What do I do about struggling learners?
Consider changing the program you are on. If it’s not working, seriously consider switching to something else. Students all learn differently. We need to set them up very early on to have a joy of learning. We all should still be constantly learning. There’s too much knowledge in this world to suddenly stop learning about it.
Whatever you’re using, always be orchestrating what the students are learning. Think very carefully and always teach “why?” And when your students tell you that they understand what they’re doing, then have them teach it back to you. Even if they falter or stutter in their explanations, they’re processing everything in their minds in order to put it all together.
After all of that and they’ve shown true understanding, then have them do some problems. It doesn’t need to be 50 problems. They probably only need maybe 5 to 10 problems and always show their work.
Don’t wait to assess their learning. Constantly quiz them on the things that they’ve learned. Don’t give them the quiz that same day of the lesson but give them review quizzes. And don’t look at their work. Some students get really creative with the way they get their answer and it’s not always the way that you taught them but it works for them. If there answer is wrong, mark it wrong. Have them figure out their mistakes and plead their case to get points back. They need to learn to take ownership of what they’re doing.
How do I respond to students who are not math-minded?
There are students who will say that they get it but are really only getting the process. The steps to doing the problem makes sense to them. And there are those students who say that they don’t get it. The process doesn’t make sense to them. These students generally claim that they’re not good with math. What’s really going is that these students are thinkers. They like things that make you think. You can’t just give them steps without giving them an explanation to why those steps work.
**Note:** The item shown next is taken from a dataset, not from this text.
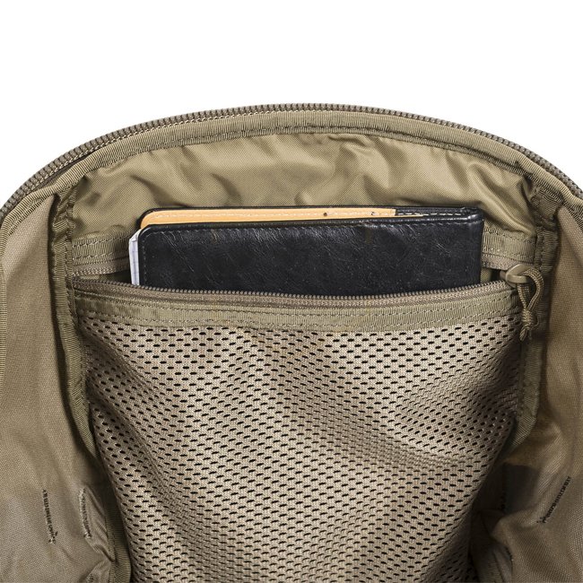 Sac à dos Helikon-Tex Raider en noir, fabriqué en tissu Cordura avec un système de port confortable, un panneau d'identification Velcro, des bretelles anatomiques, un système MOLLE/PALS, et des fermetures éclair YKK. Comprend un compartiment principal dou

These students tell themselves all the time that they don’t get it. These same students end up thinking that they’re not capable of doing math. When in reality, they are so insightful but certain road blocks in their understanding have stopped them from being successful in math. These students especially need to be taught based on understanding.
I hope these 8 questions about teaching math has given you answers. I think the most important takeaway for me from this interview is to teach for understanding and to constantly be thinking why.
So I leave you with this. Don’t be so concerned about teaching math to your kids. Think about it as recognizing your child’s ability and help them realize what their potential can be. Let your kids teach you the math and just be satisfied with that.
All students can learn math. Are you as a parent comfortable with it? Be prepared to be learn math with your kids.
Are you teaching for understanding? What are some things that you have learned while teaching math?